* DATASET SECTION *
——————

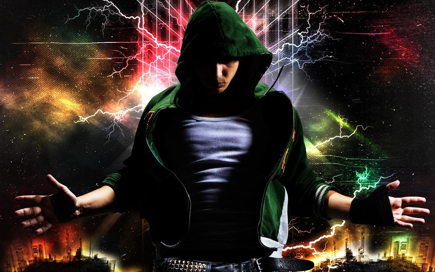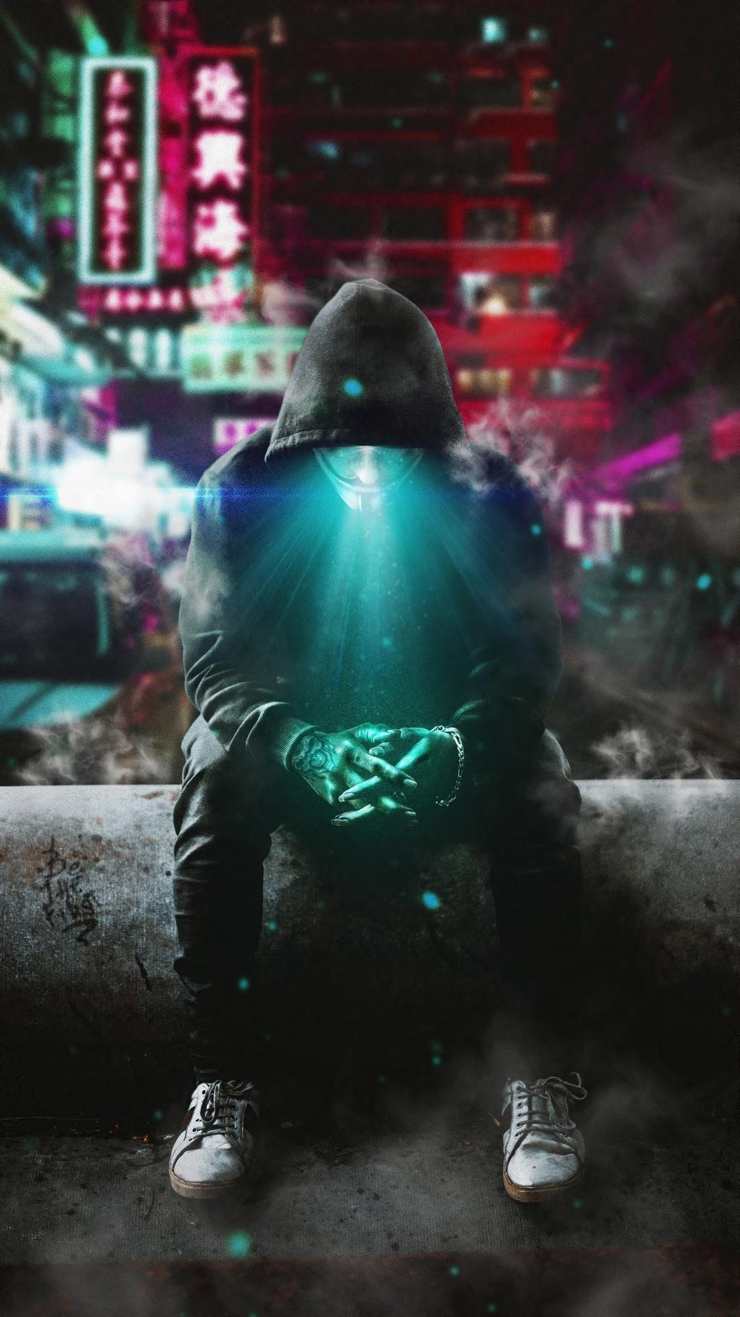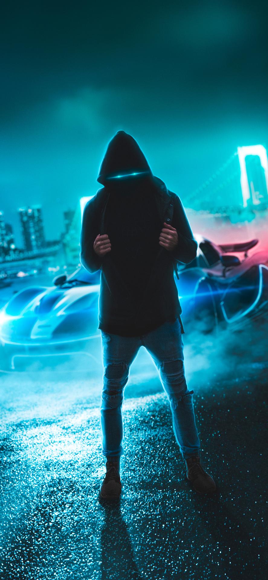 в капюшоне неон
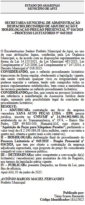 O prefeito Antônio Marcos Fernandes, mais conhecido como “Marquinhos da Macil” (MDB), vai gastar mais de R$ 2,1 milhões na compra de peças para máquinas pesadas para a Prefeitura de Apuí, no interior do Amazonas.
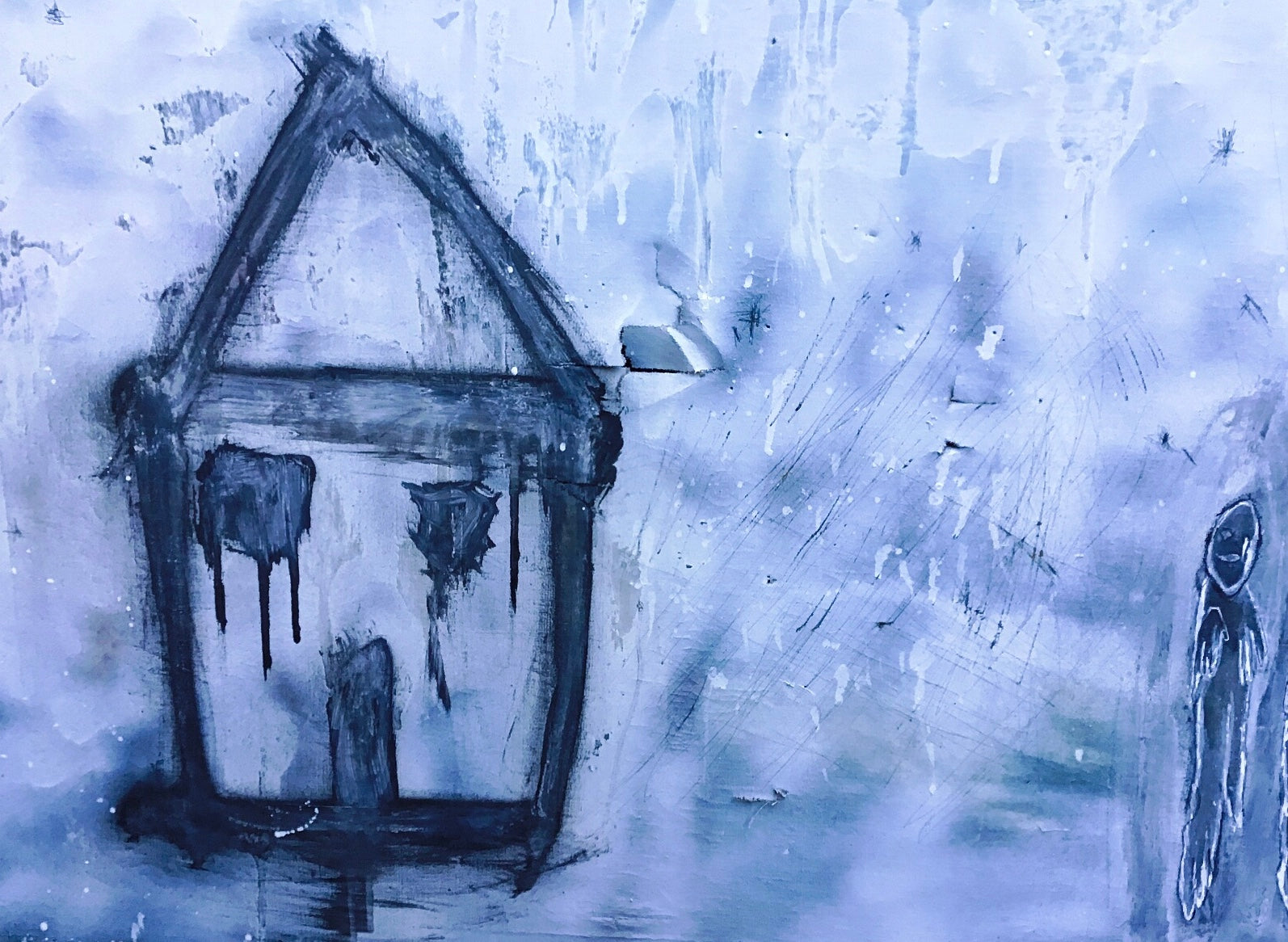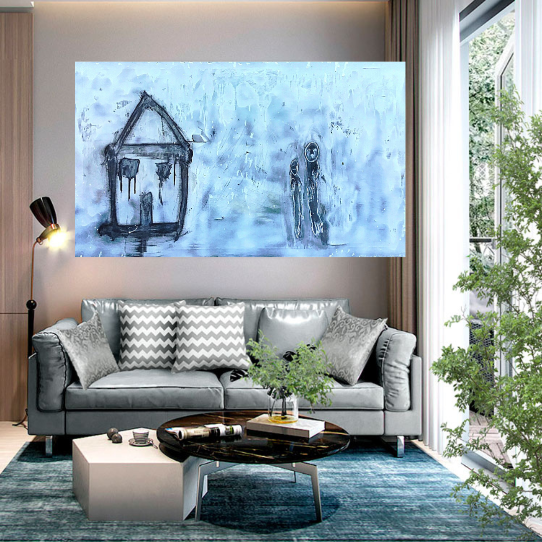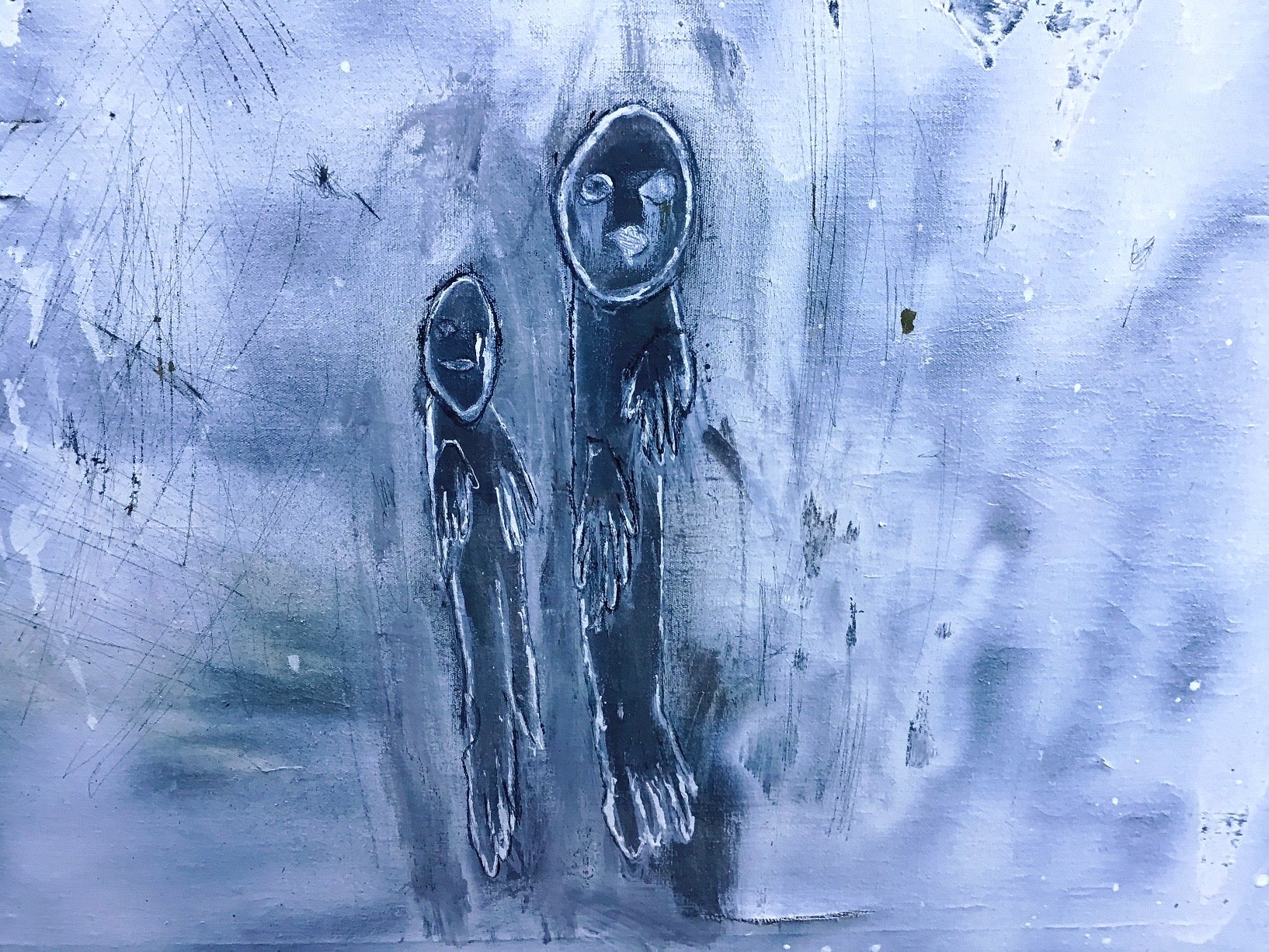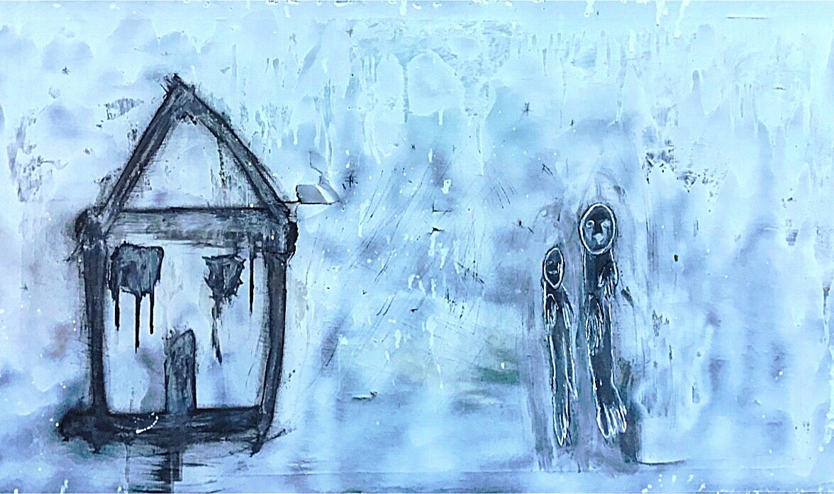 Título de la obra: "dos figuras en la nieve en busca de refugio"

——————

* TASK DETAILS *
Could you retype exactly the lines running from the one with "O prefeito Antônio" to the end of the material above, pictures omitted?

* YOUR SOLUTION *
 O prefeito Antônio Marcos Fernandes, mais conhecido como “Marquinhos da Macil” (MDB), vai gastar mais de R$ 2,1 milhões na compra de peças para máquinas pesadas para a Prefeitura de Apuí, no interior do Amazonas.
 Título de la obra: "dos figuras en la nieve en busca de refugio"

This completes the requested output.